◆ **PROBLEM TO SOLVE**
Beginning with the first line, return the material verbatim and without pictures.

==== DATA BELOW ====

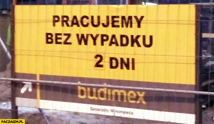 Pracujemy bez wypadku 2 dni tablica na budowie
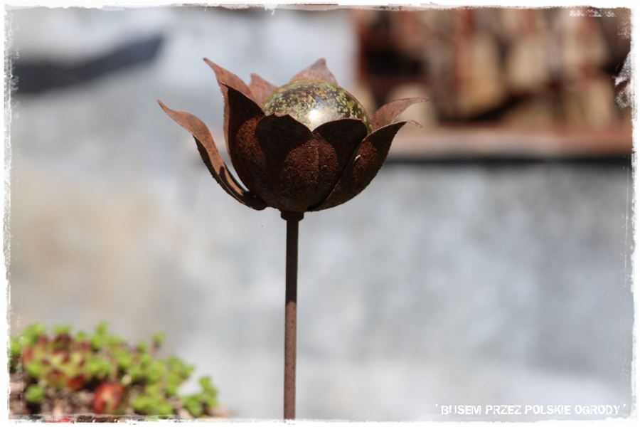 To chyba najbardziej wdzięczna i oryginalna grupa dekoracji. Fajne metalowe figurki, zrobione właściwie z jakichś niepotrzebnych, metalowych skrawków, które w oryginalnym połączeniu tworzą fajne, ogrodowe ozdoby. Zwróć też uwagę, że w niektóre z nich wkomponowane są również kamienie, natomiast wszystkie pokryte są fajnym, rdzawym nalotem.
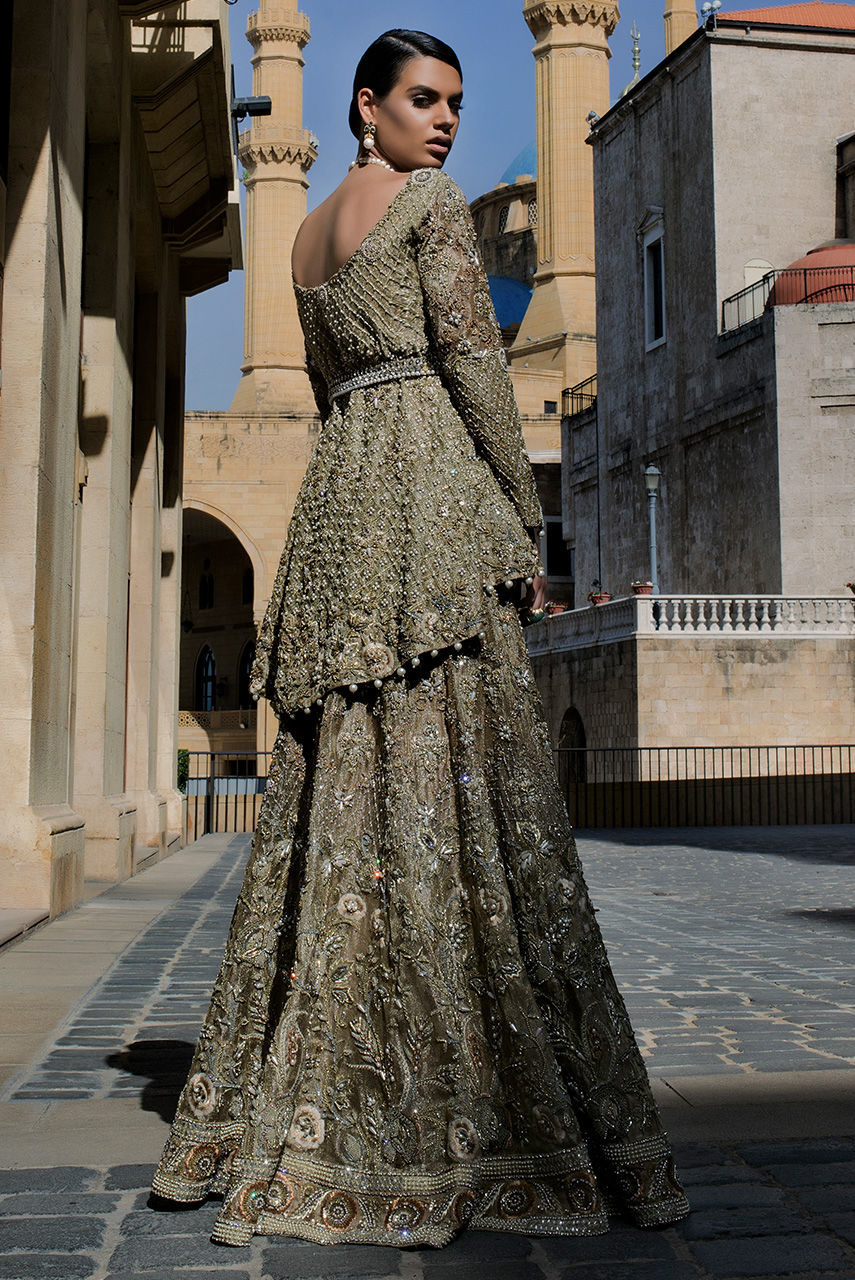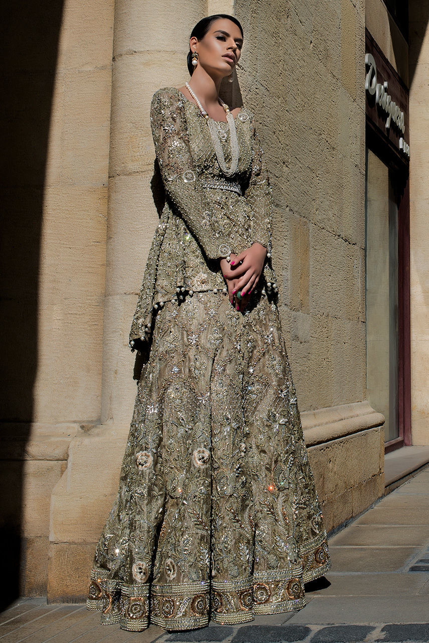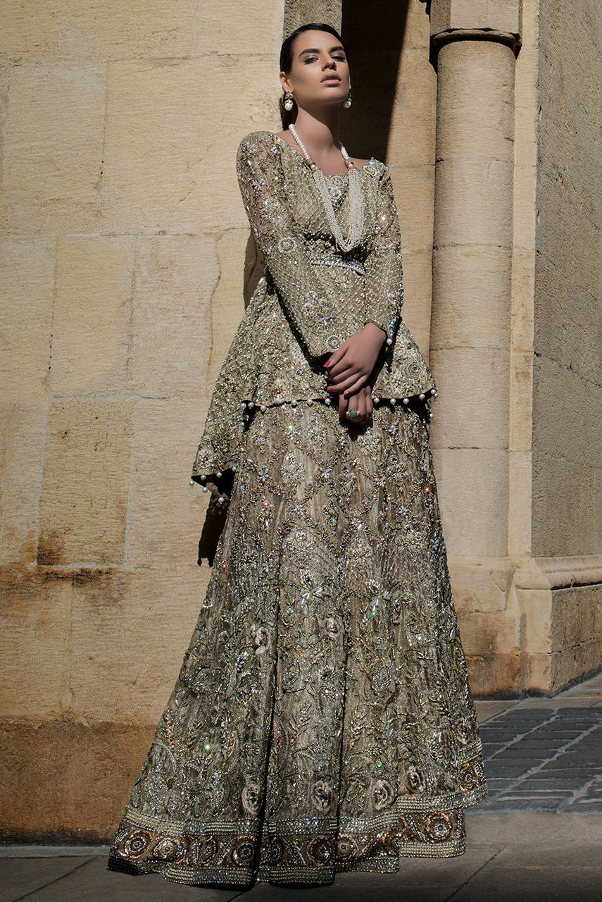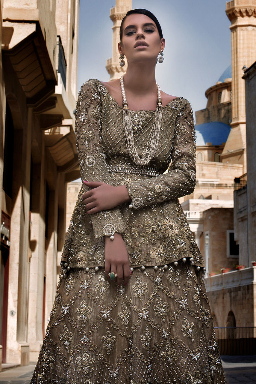 The grand gold bridal stands out due to its uniqueness and the perfect fusion of modern cut and traditional embroidery.

====

◆ **ANSWER SPACE**
 Pracujemy bez wypadku 2 dni tablica na budowie
 To chyba najbardziej wdzięczna i oryginalna grupa dekoracji. Fajne metalowe figurki, zrobione właściwie z jakichś niepotrzebnych, metalowych skrawków, które w oryginalnym połączeniu tworzą fajne, ogrodowe ozdoby. Zwróć też uwagę, że w niektóre z nich wkomponowane są również kamienie, natomiast wszystkie pokryte są fajnym, rdzawym nalotem.
 The grand gold bridal stands out due to its uniqueness and the perfect fusion of modern cut and traditional embroidery.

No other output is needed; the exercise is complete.